Сын сделал протестующий жест, означавший, что у него не было свободы выбора, но Серпилин остановил его.
– …и, как выяснилось, ошибся, – повторил он. – Но некоторые, такие, как я, еще и сейчас живут там, где я был, потому что с ними еще не выяснилось… И вот я смотрю на тебя и не могу этого выбросить из головы. Не могу. И мать не могла. Можешь ты это понять или нет?
Сын встал, беспомощно пожал плечами, как бы говоря: «Ну, а я-то что могу сделать?» – и Серпилину показалось, что сейчас он наденет шинель и уйдет, потому что говорить больше не о чем. Сын несколько раз прошелся по комнате, пожимая плечами, как бы молча отвечая на задаваемые самому себе вопросы. «Сейчас уйдет», – еще раз подумал Серпилин, но сын, наоборот, подошел к столу и сел.
– Как хочешь, – сказал он, – можешь мне верить или не верить, но я никогда, понимаешь ты, никогда, честное слово тебе даю, никогда, что бы мне ни говорили, ни на одну минуту, ни в каком году, никогда не верил, что ты враг народа…
Он сказал это тихо, почти без надежды на то, что отец поверит ему, но с такой отчаянной силой искренности, что Серпилин содрогнулся от нее. Эта мысль несколько раз приходила ему в голову и раньше, но он всякий раз гнал ее от себя. Раньше в глубине души пытался оправдать сына: лжет, что не верил, лжет потому, что стыдится, не смеет сказать в глаза, а на самом деле тогда, в то время, верил! Запутали, заморочили голову, запугали, и в конце концов поверил. Поверил – и поэтому отказался!
Так вот что он, пытаясь оправдаться, сказал матери, когда мать так страшно закричала на него! Вот это он и сказал ей, именно это!
– Неужели ты мне не веришь? – откуда-то из страшного далека донесся до Серпилина голос сына, хотя сын по-прежнему сидел напротив него и можно было дотянуться и потрогать его рукой.

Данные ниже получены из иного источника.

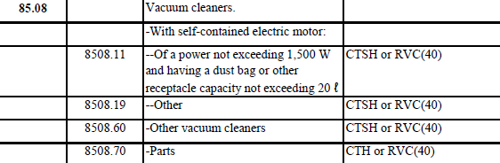8508호에는 진공청소기가 분류되고, 진공청소기의 품목별 원산지결정기준은 위와 같습니다. 진공청소기는 6 단위 세번변경(CTSH)이 이루어졌거나 부가가치 40% 이상(RVC 40)을 충족하면 원산지로 인정되네요.

– Вот что, – сказал Серпилин, вставая и поправляя съехавший с плеча полушубок. – Прообъяснялись мы с тобой достаточно; думаю, друг друга так и не поняли, но это не суть важно. Есть сейчас в жизни вопросы поважнее. Что виноват передо мной, – забудь. А если шире родства, то, как я понял, пришел ко мне просить прощения за трусость. Так или нет?
– Так.
– А если так, то не по адресу. Трусость в боях смывают. Ничего другого не придумано. Почему до сих пор не на передовой?
– Так сложилось.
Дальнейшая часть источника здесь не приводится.